Hints and allegations abound that arithmetic with NaNs can be 'slow' in hardware FPUs. Specifically in the modern x64 FPU, e.g on a Nehalem i7, is that still true? Do FPU multiplies get churned out at the same speed regardless of the values of the operands?
I have some interpolation code that can wander off the edge of our defined data, and I'm trying to determine whether it's faster to check for NaNs (or some other sentinel value) here there and everywhere, or just at convenient points.
Yes, I will benchmark my particular case (it could be dominated by something else entirely, like memory bandwidth), but I was surprised not to see a concise summary somewhere to help with my intuition.
I'll be doing this from the CLR, if it makes a difference as to the flavor of NaNs generated.

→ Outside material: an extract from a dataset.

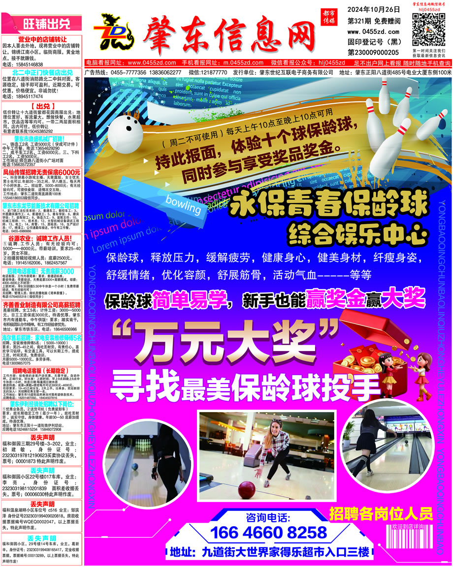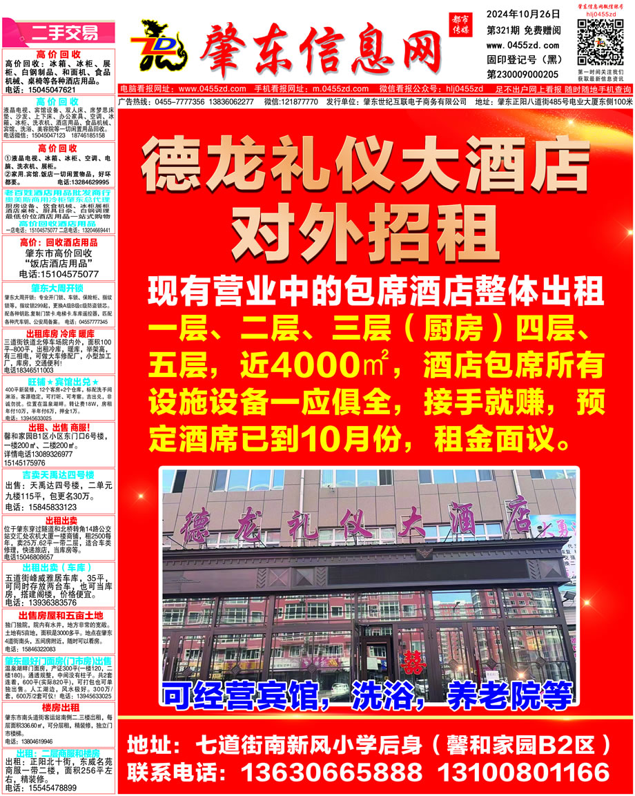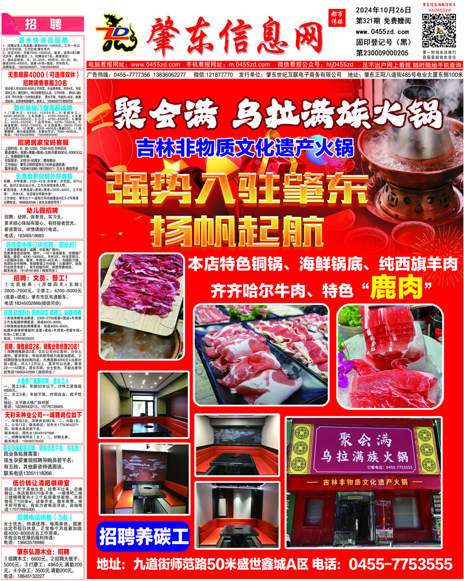 肇東信息網DM報紙2024年10月26日第321期
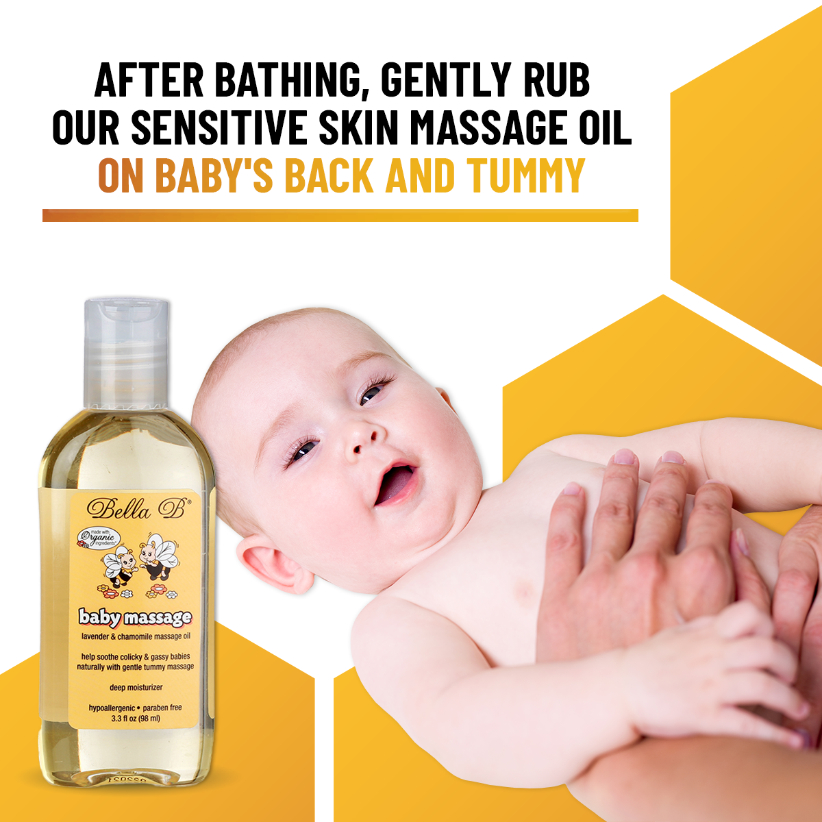 You'll love the light, calming scent of Bella B Baby Massage Oil with lavender and chamomile. After bathing, pour a walnut size amount in the palm and warm. Gently rub on baby's back, tummy and limbs to calm, soothe and relax your baby. Extended but gentle tummy massage is recommended for colicky or gassy babies to ease away pain and discomfort naturally. Also create a wonderful bonding moment with baby.

For what it's worth, using the SSE instruction mulsd
with NaN
is pretty much exactly as fast as with the constant 4.0
(chosen by a fair dice roll, guaranteed to be random).
This code:
for (unsigned i = 0; i < 2000000000; i++)
{
double j = doubleValue * i;
}
generates this machine code (inside the loop) with clang (I assume the .NET virtual machine uses SSE instructions when it can too):
movsd -16(%rbp), %xmm0 ; gets the constant (NaN or 4.0) into xmm0
movl -20(%rbp), %eax ; puts i into a register
cvtsi2sdq %rax, %xmm1 ; converts i to a double and puts it in xmm1
mulsd %xmm0, %xmm1 ; multiplies xmm0 (the constant) with xmm1 (i)
movsd %xmm1, -32(%rbp) ; puts the result somewhere on the stack
And with two billion iterations, the NaN
(as defined by the C macro NAN
from <math.h>
) version took about 0.017 less seconds to execute on my i7. The difference was probably caused by the task scheduler.
So to be fair, they're exactly as fast.